Safety and security for code executing agents — Fouad Matin, OpenAI (Codex, Agent Robustness)

Introduction and Context 00:03

  • Fouad Matin introduces himself as a member of OpenAI's security team with a background in running a security startup.
  • He works on agent robustness and control, focusing on safety measures for code-executing AI agents.
  • Recently worked on Codeex and Codeex CLI, OpenAI's open source library for running code-executing agents locally.

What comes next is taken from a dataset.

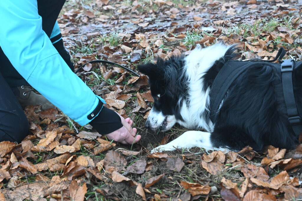 Ihre zehnjährige Hündin Chai ist bereits eine sehr erfahrene Sucherin. Dies merkt man auch daran, dass sie sehr konzentriert schnüffelt. Auf ein Suchsignal, ein kurzes «go!», beschnuppert sie den Waldboden und beginnt bald darauf an einer Stelle zu graben. Ein Wort genügt und die Hündin stoppt, sodass Aschwanden nur noch den Trüffel aus dem Loch heben muss. Wenn man nicht schnell genug sei, würden weniger trainierte Hunde laut Aschwanden die Trüffel sofort fressen.
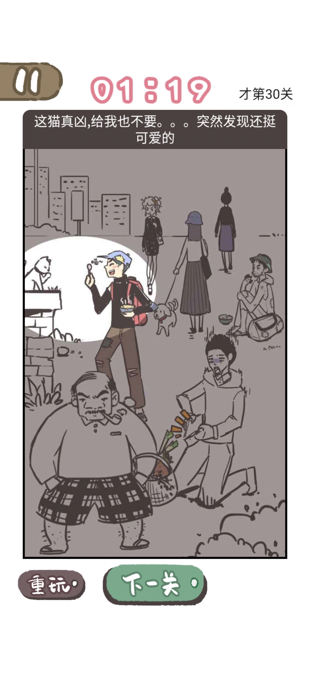 在游戏时间内,找出画面中正确答案就通关,和别的热门休闲游戏一样,画风简约,超狗血剧情,玩法新颖,很多都是热门的网络梗考验你的智商。碰到难关时可以通过点击屏幕获取道具,使用道具提示能快速通过,有些关卡还需要玩有趣的小游戏来通关,老少皆宜锻炼你的大脑,快带上你的小伙伴一起来体验吧

The Rise of Code-Executing Agents 00:54

  • Major research labs are emphasizing usability and deployability, not just coding benchmarks for agents.
  • Current trend is enabling agents to both write and execute code to achieve objectives efficiently.
  • Modern models (like 03 and 04 mini) are more reliable and capable compared to year-old models.
  • Models’ abilities create new questions about what tasks should be permitted and the necessary guardrails.
  • Code execution is applicable beyond typical software engineering tasks, including multimodal reasoning (such as OCR and image cropping).

Architectures and Security Risks 02:34

  • Traditional models relied on complex logic loops and separate prompts for task determination and execution.
  • Newer approaches allow models to independently decide when and how to use tools and write/run code.
  • From a security perspective, these developments introduce concerns similar to remote code exploitation (RCE).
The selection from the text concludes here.